Reprise. Le groupe volailler LDC a annoncé la reprise de l’abattoir Corico (39,4 millions d'euros de chiffre d’affaires) situé à Monsols (Rhône), près de Lyon. Le site (deux unités de production) est spécialisé dans l’abattage et la découpe et la mise au point de produits élaborés de dinde. Il emploie 250 personnes et commercialise la production d’une quinzaine d’élevages, soit environ 15 000 tonnes de produits vendus. « Nous allons pouvoir spécialiser notre outil de production de Louhans sur l’abattage et la découpe de poulet et transférer les volumes de dindes de ce site vers Corico, ce qui porterait sa capacité d’abattage à 65 000 pièces par semaine », explique Denis Lambert, Pdg de LDC. Le groupe prévoit d’investir 3 millions d’euros sur le site Corico.
Le groupe volailler a également annoncé une alliance en Espagne avec le groupe coopératif AN Coop (554 millions d’euros de chiffre d’affaires, dont 100 millions en volailles), numéro cinq de la volaille avec environ 4,7 % du marché. LDC est lui numéro 14 avec 1,2 % de parts de marché. Sur la volaille entière et la découpe, les deux groupes vont créer une société commune dont LDC détiendra 35 % et qui visent d’ici 2013 à réaliser environ 140 millions d’euros de chiffre d’affaires. Sur les produits élaborés, une deuxième société sera créée dont LDC détiendra 65 % du capital, et qui vise à multiplier ses volumes par trois.

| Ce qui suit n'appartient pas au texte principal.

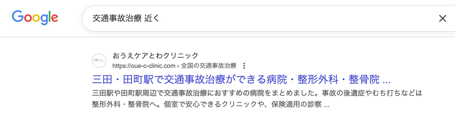 「交通事故治療 近く」「交通事故治療 整骨院」「交通事故治療 整形外科」
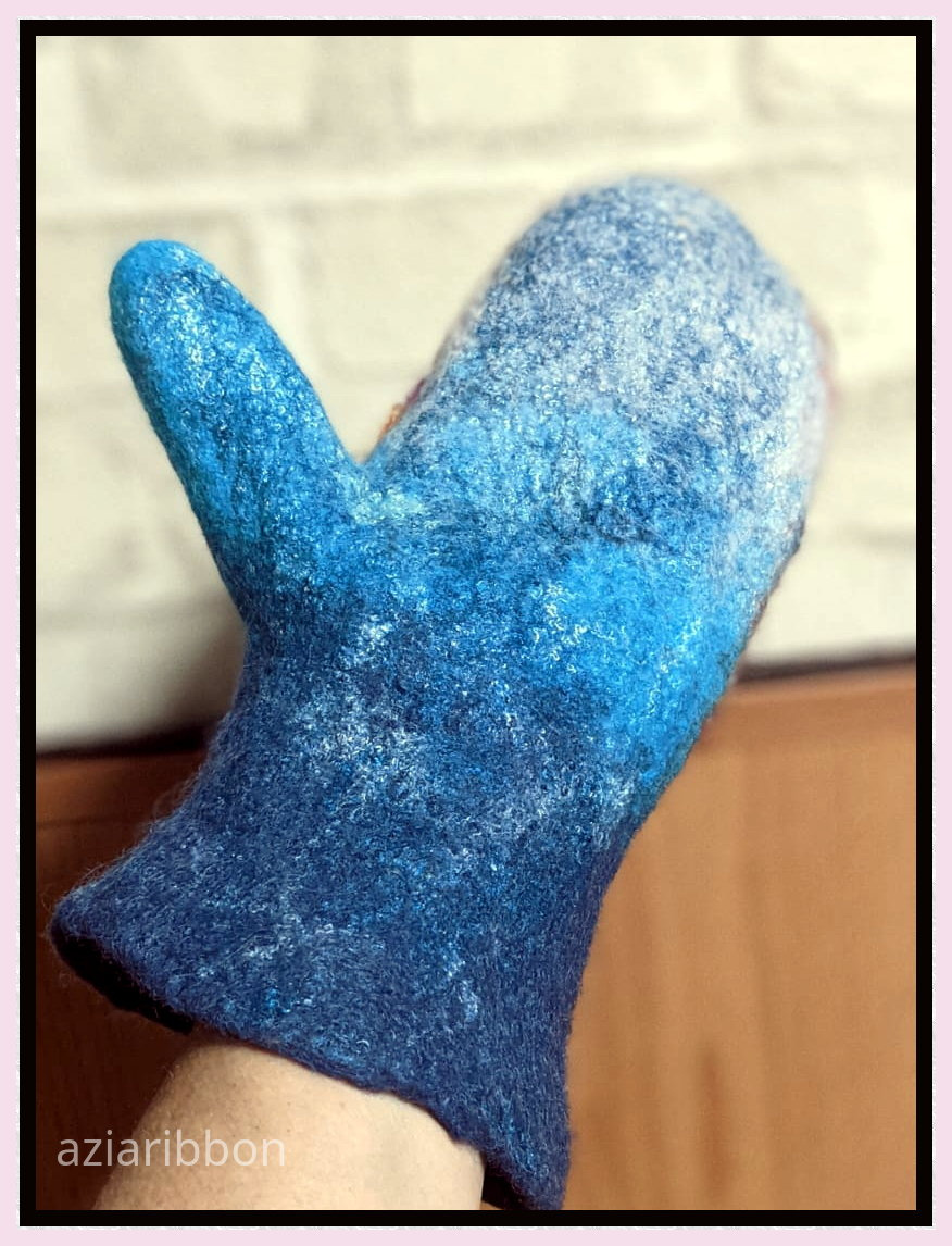 Тоже думала себе что-то типа варежек, но мокрое валяние совсем не мой вариант((( в крайнем случае постепенно наваливать на основу (кстати основа может быть любая, даже гипюр какой-нить) и сушить на «болванке»…

En Espagne, le groupe a réalisé en 2010-2011 un chiffre d’affaires de 22 millions d’euros, et des pertes de 1,5 million. Des résultats décevants, alors que les activités de LDC en Pologne (134 millions d’euros) affichent de bonnes performances (+9,4 millions d’euros de résultat).
Le groupe LDC a réalisé pour exercice 2010-2011 un chiffre d’affaires de 2,554 milliards d’euros en hausse de 23,7 % suite à l’intégration des sociétés Marie et Arrivé, rachetées fines 2009. A périmètre identique, le chiffre d’affaires progresse de 3,5 %. Le résultat opérationnel passe de 94,1 millions à 73,6 millions. Le coût des matières premières a pesé sur l’activité du groupe, de même que les charges de restructuration liées à l’intégration de Marie et Arrivé. La marge du groupe passe de 4,5 à 3,5 % du chiffre d'affaires.
La société Marie a enregistré des pertes de 8,5 millions d’euros sur l'exercice qui pèsent sur les résultats de l’activité traiteur. « Sur cette activité, nous nous fixons l’objectif de redevenir profitable en 2012-2013 », a indiqué le Pdg de LDC. Quant à l’activité surgelés de Marie, le scénario d’une vente s’éloigne, confie Denis Lambert. « Soit nous continuerons à développer cette activité seuls, soit nous chercherons à nous allier à un spécialiste du surgelé. Mais de toutes les façons, nous continuerons à garder le contrôle sur la commercialisation des volumes à la marque Marie », explique le Pdg.